#rsac #infosec #devops #sdn If you cross log analysis with infrastructure integration you get some interesting security capabilities

A lot of security-minded folks immediately pack up their bags and go home when you start talking about automating anything in the security infrastructure. Automating changes to data center firewalls, for example, seem to elicit a reaction akin not unlike that to a suggestion to putting an unpatched Windows machine directly on the public Internet. 

At RSA yesterday I happened to see a variety of booths with a focus on .. .logs. That isn't surprising as log analysis is used across the data center and across domains for a variety of reasons. It's one of the ways databases are replicated, it's part of compiling access audit reports and it's absolutely one of the ways in which intrusions attempts can be detected.

And that's cool. Log analysis for intrusion detection is a good thing. But what if it could be better?

What if we started considering operationalizing the process of acting on events raised by log analysis?

One of the promises of SDN is agility through programmability. The idea is that because the data path is "programmable" it can be modified at any time by the control plane using an API. In this way, SDN-enabled architectures can respond in real time to conditions on the network impacting applications. Usually this focuses on performance but there's no reason it couldn't 'be applied to security, as well.

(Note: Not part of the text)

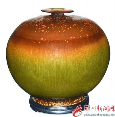 “你们来看,这是十多年前,我第一次烧成的作品。”林礼腾拉着记者,来到一只23寸直口花插前方,眉飞色舞地说,“多漂亮,肉眼看还不清楚,要是用特殊仪器观察,简直异彩纷呈。”
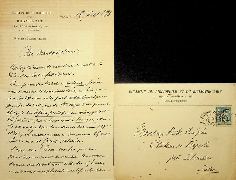 Gabriel Vicaire (1848-1900), poète, écrivain. L.A.S. + enveloppe, 18 juillet 1896, 1p 1/2 in-8. Au bibliophile Victor Deséglise (1839-1916). Il lui demande s'il possède un exemplaire des Enfants peints par eux-mêmes afin de pouvoir corriger son ouvrage. [179b]

If you're using a log analysis tool capable of performing said analysis in near-time, and the analysis results in suspicious activity, there's no reason it couldn't inform a controller of some kind on the network, which in turn could easily decide to enable infrastructure capabilities across the network. Perhaps to start capturing the flow, or injecting a more advanced inspection service (malware detection perhaps) into the service chain for the application.

In the service provider world, it's well understood that the requirement in traditional architectures to force flows through all services is inefficient. It increases the cost of the service and requires scaling every single service along with subscriber growth. Service providers are turning to service chaining and traffic steering as a means to more efficiently use only those services that are applicable, rather than the entire chain.

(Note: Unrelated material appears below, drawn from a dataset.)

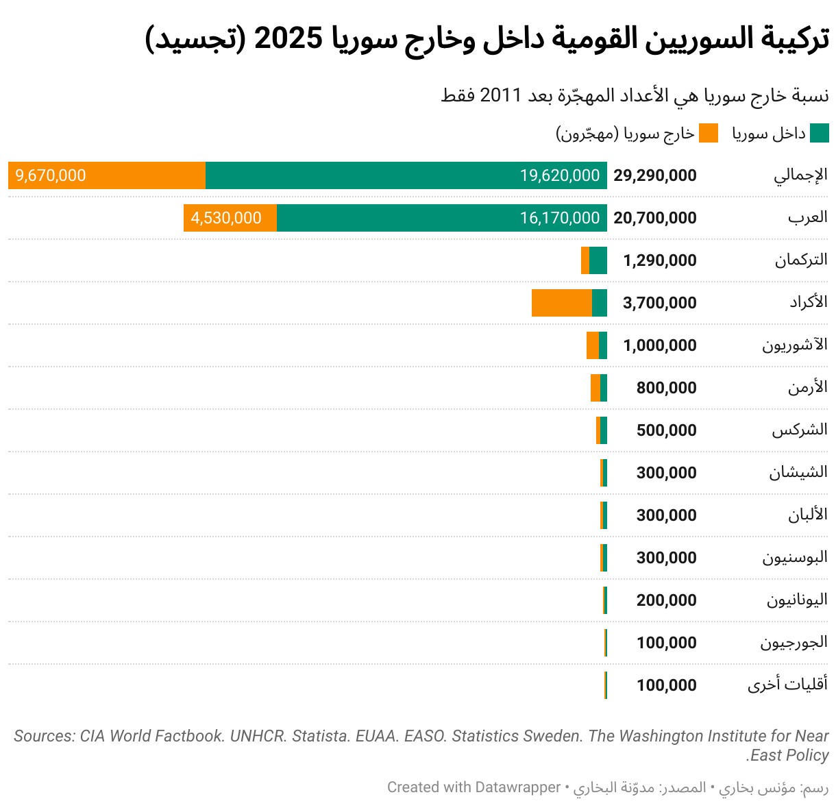 نسبة خارج سوريا هي الأعداد المهجّرة بعد 2011 فقط

While enterprise organizations for the most part aren't going to adopt service provider architectures, they can learn from then the value inherent in more dynamic network and service topologies. Does every request and response need to go through every security service? Or are some only truly needed for deep inspection?

It's about intelligence and integration. Real time analysis on what is traditionally data at rest (logs) can net actionable data if infrastructure is API-enabled. It's taking the notion of scalability domains to a more dynamic level by not only ensuring scale of services individually to reduce costs but further to improve performance and efficiency by only consuming resources when necessary, instead of all the time. The key is being able to determine when it's necessary and when it isn't.

More reading on infrastructure architecture patterns supporting scalability domains

In a service provider world that's based on subscriber and traffic type. In the enterprise it's more behavioral analysis, it's what someone is trying to do and with what application or data.

But in the end, both environments need to be dynamic with policy enforcement and service invocation based on the unique combination of devices, networks and applications and enabled by the increasing prevalence of API-enabled infrastructure.

SDN is going to propel not just operational networks as a cost savings vehicle, but as part of the technology that ultimately unlocks the software-defined data center. And that includes security.